Selon l’article 553 du code de procédure civile, en cas d’indivisibilité à l’égard de plusieurs parties, l’appel de l’une produit effet à l’égard des autres même si celles-ci ne se sont pas jointes à l’instance ; l’appel formé contre l’une n’est recevable que si toutes sont appelées à l’instance.
En l’espèce, la SARL KENYS a été assignée par la société CGD devant le tribunal mixte de commerce de Saint-Denis-de-la-Réunion en paiement de dommages et intérêts résultant de la rupture abusive et brutale du contrat de franchise par la société SOCAK et à la violation de son obligation de non concurrence dont la SARL KENYS aurait été complice.
Consécutivement à la liquidation judiciaire prononcée le 17 juin 2015 à l’égard de la SARL KENYS, la société CGD a fait assigner en intervention forcée la SELARL HIROU, mandataire judiciaire, ès-qualités de liquidateur judiciaire, dans le cadre de la procédure pendante.

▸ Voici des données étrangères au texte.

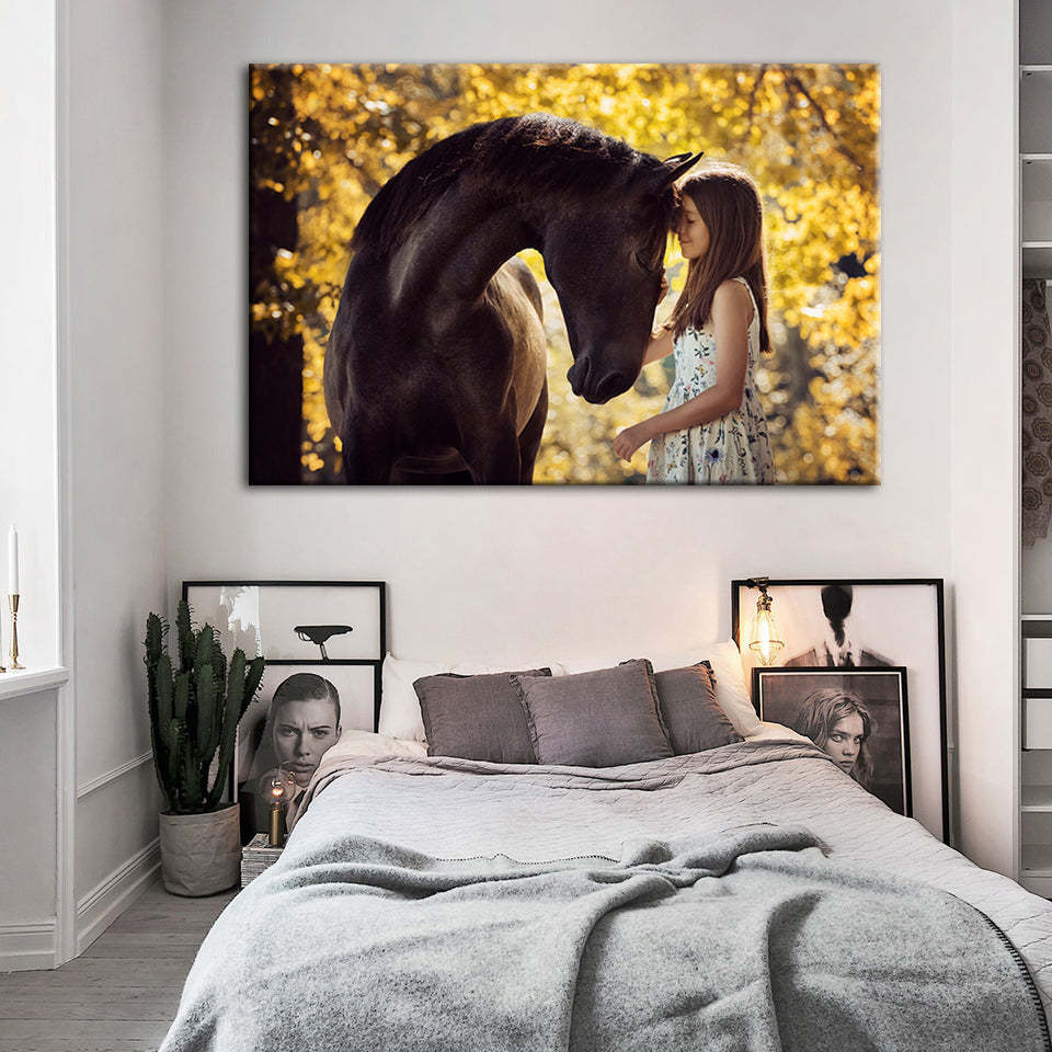Friendship Between a Girl and Horse - Canvas Wall Art Painting is a premium canvas that adds a touch of natural friendship art to your décor. The canvas features the beautiful bond between a young girl and her horse. The Wall Art is perfect to decorate your bedroom, dining room, living room, office, dormitory, hotel lobby, and more! Mix and match your favorite pieces to create an eye-catching feature wall.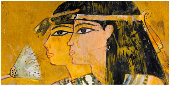 Cosmetics were an integral part of early Egyptian life, dating back to as early as 5000 BC [1,2,3,4]. Ahead of their time, the Egyptians were sophisticated cosmetic chemist formulators. Bathing was a part of their daily life, with most Egyptians bathing at home or in the river. Cleansing cream was made of animal fat or vegetable oil mixed with powdered lime and perfume. Oils and creams were used for protection against the harsh sun, wind, and dry climate. The lips and cheeks were treated with red ochre ground in water. People rubbed themselves daily with perfumed unguent oil that was soaked in scented wood. Perfumes were made of myrrh, thyme, marjoram, chamomile, lavender, lily, peppermint, rosemary, cedar, rose, aloe, olive oil, sesame oil, and almond oil [1]. The use of perfume had a very spiritual significance and was believed to optimize body function. Fingernails and the palms of the hands were treated with henna, producing an orange-red tone. In general, the variety of pigments based on natural minerals used by the ancient Egyptians for cosmetics is impressive [5,6].

Le jugement querellé du 15 février 2016 est ainsi intervenu en présence de la SELARL HIROU, es-qualités, et de la SARL KENYS.
Eu égard aux liens d’indivisibilité unissant les parties à l’instance relative à la fixation de la créance au titre des dommages et intérêts invoqués par la société CGD, la déclaration d’appel devait ainsi être régularisée à l’égard du mandataire judiciaire et distinctement de la société débitrice détentrice d’un
droit propre, afin que cette dernière soit régulièrement intimée dans le cadre de la procédure d’appel.
Or, la déclaration d’appel formée par la société CGD n’a pas visé la SARL KENYS et ne lui a pas été au surplus signifiée.
Au surplus, à la date où la cour statue, la procédure n’a pas été régularisée à l’égard de la SARL KENYS.
En conséquence, l’appel sera déclaré irrecevable.
Sur les frais irrépétibles et les dépens':
La société CGD qui succombe, sera condamnée aux entiers dépens de la procédure d’appel.
Compte tenu de la solution donnée au litige, il n’apparaît pas inéquitable de laisser aux parties la charge de leurs propres frais non compris dans les dépens, de sorte que les demandes formées au titre de l’article 700 du code de procédure civile seront rejetées.
PAR CES MOTIFS
La Cour, statuant publiquement, par décision réputée contradictoire, en matière commerciale et en dernier ressort, par mise à disposition au Greffe conformément à l’article 451 alinéa 2 du Code de procédure civile,
Déclare irrecevable l’appel interjeté le 27 juin 2016 à l’égard de la SELARL HIROU, ès-qualités de liquidateur judiciaire de la SARL KENYS';
Rejette les demandes formées sur le fondement de l’article 700 du code de procédure civile';
Condamne la SAS CAILLE GRANDE DISTRIBUTION (société CGD) aux dépens’de la procédure d’appel.
Le présent arrêt a été signé par Madame Pauline FLAUSS, Conseillère faisant fonction de Présidente, et par Madame Nathalie BEBEAU, Greffière à laquelle la minute de la décision a été remise par le magistrat signataire.